▶ **Work item**
Would you please repeat, word for word, only the lines from the one holding "Изменения геомагнитного индекса" through the one holding "The HRES of" in the material below, without the pictures?

▶ **Records to use**
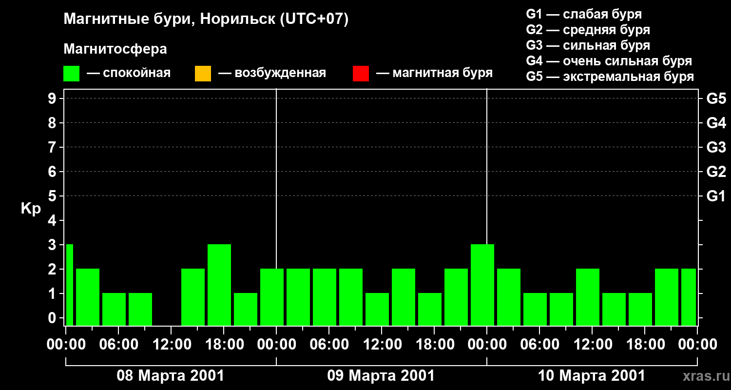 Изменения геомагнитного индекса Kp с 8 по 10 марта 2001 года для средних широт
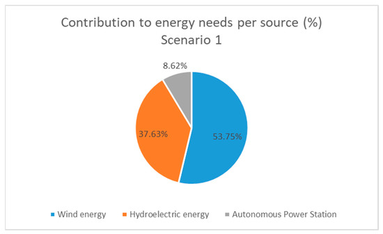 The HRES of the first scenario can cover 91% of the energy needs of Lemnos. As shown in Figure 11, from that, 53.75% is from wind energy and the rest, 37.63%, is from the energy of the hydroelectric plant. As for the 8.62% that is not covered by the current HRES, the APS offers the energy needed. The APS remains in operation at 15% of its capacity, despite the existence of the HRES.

---

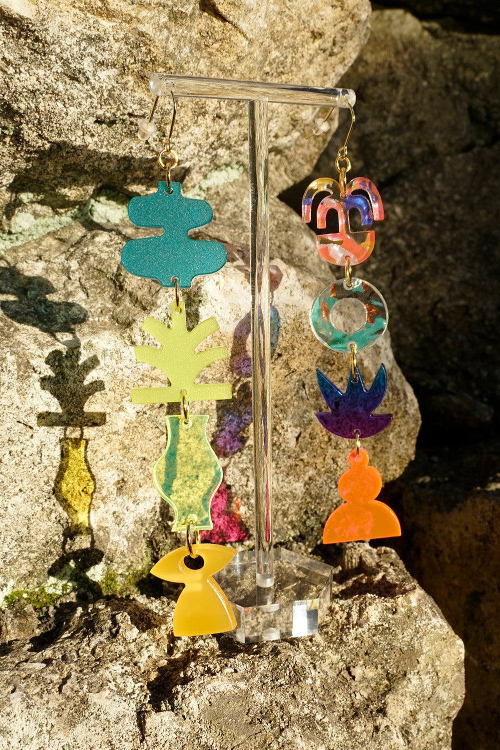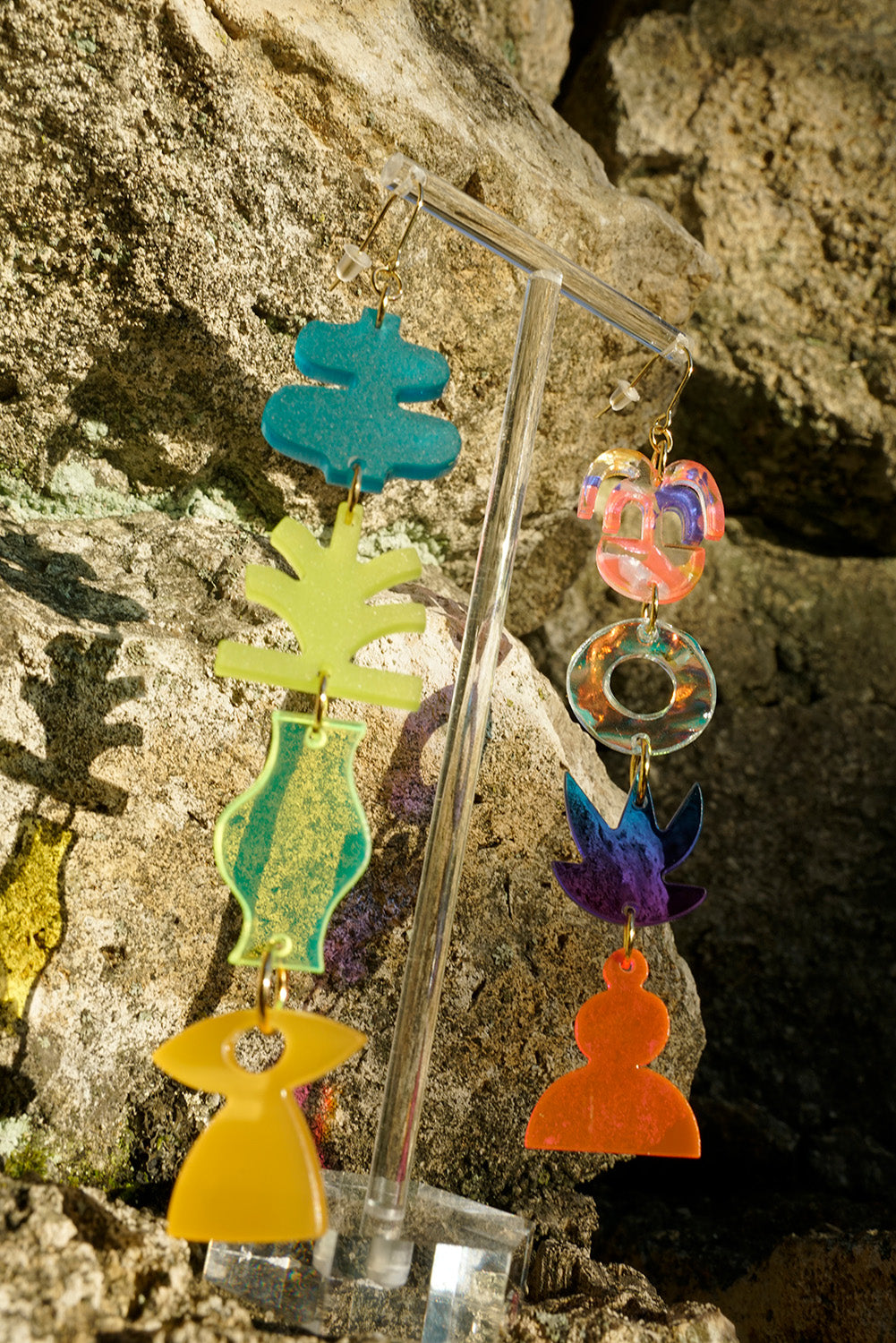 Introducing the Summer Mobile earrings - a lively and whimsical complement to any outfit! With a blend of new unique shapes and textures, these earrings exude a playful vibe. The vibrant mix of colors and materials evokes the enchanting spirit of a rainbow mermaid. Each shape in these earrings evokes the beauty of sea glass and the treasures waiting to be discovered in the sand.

▶ **Output below**
 Изменения геомагнитного индекса Kp с 8 по 10 марта 2001 года для средних широт
 The HRES of the first scenario can cover 91% of the energy needs of Lemnos. As shown in Figure 11, from that, 53.75% is from wind energy and the rest, 37.63%, is from the energy of the hydroelectric plant. As for the 8.62% that is not covered by the current HRES, the APS offers the energy needed. The APS remains in operation at 15% of its capacity, despite the existence of the HRES.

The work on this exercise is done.